The study also shows large gaps in the enrollment of English language learners and students receiving special education services with charters taking far fewer of these students.
State Board of Regents Chancellor Meryl Tisch has been making her list of public high schools to close and replace with charters. She ought to pause and figure out what's really going on with charter schools first.
Daily News has the story here.
Actual report (pdf) here.
UPDATE: The charter school community responds.
In a lengthy defensive statement posted to the web site of the New York Charter Schools Association, NYCSA Policy and Communications Director Peter Murphy attacks the DOE Progress Report study. In the DOE study, charters were compared to traditional public schools using the same controversial approach public school parents have criticized for two years. Year to year changes on state test scores constitute 60% of the A through F letter grade, an approach Murphy dismisses as "woefully lopsided".
Murphy then goes on to criticize the Daily News and me:
...we are presented with a hodgepodge compilation of numbers cherry-picked for an article resulting in a false and misleading comparison between the academic performance of charter and district schools with zero context added. And, all of this comes less than a week before a Mayoral election, no less, enabling one Patrick Sullivan of the City's education policy board his embellished anti-charter talking-point. What a coincidence.
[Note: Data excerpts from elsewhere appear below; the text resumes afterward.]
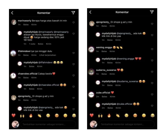
Figure 10. Evidence of interaction between @mydilyhijab followers and admin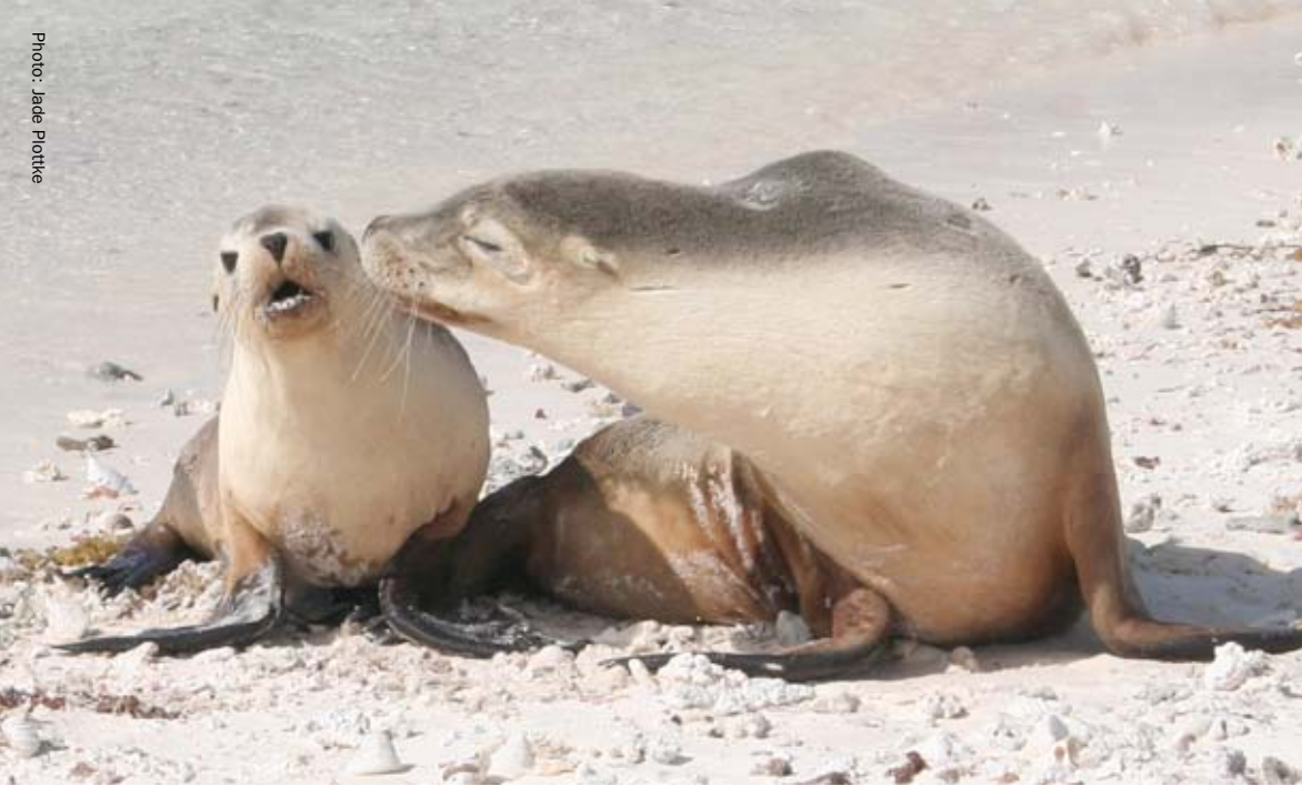
Juvenile and adult female Australian sea lions.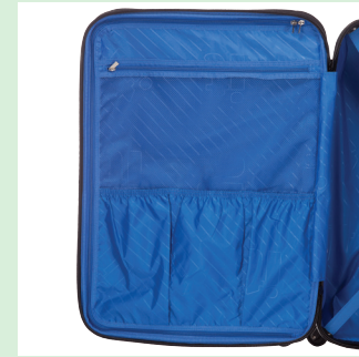
8. Left interior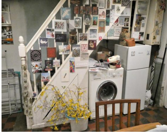
Illustration 3: 'We all have interesting backgrounds'

One of the advantages of on-line 'Ringing Room', is that you can pop in for 20 mins or so, and then step out, without too much bother.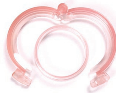
This Chinese device, a ShangRing, holds the foreskin in place, allowing it to be snipped away quickly with no stitches required.

Some researchers are devising ways to make these methods easier to use. For example, a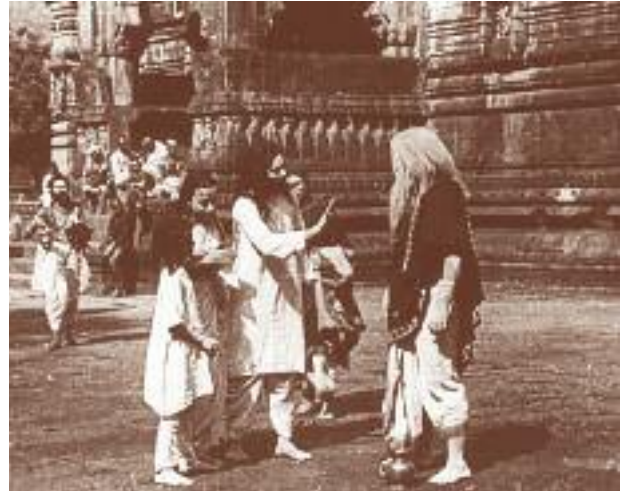
Dadasaheb Phalke. (R) A still from Raja Harishchandra , India's first silent film released in 1913.

Mardan (1919). However, he was unable to cope with the competition posed by the 'talkies', and found few takers for his later films. This compelled him to make his last silent movie Setubandhan (1932) with dubbed voices. Later, in 1937, he attempted his last movie, Gangavatara , before giving up and retiring to his home district. He passed away there on

Let's get the facts straight. The report was prepared solely by DOE staff headed by Michael Duffy, the Executive Director of the charter school office. No one "cherry picked" any measures: the measures are exactly those incorporated in the city-wide Progress Reports. And my point was not anti-charter. I was simply pointing out the administration can't say charters are better while the DOE accountability framework says they're worse.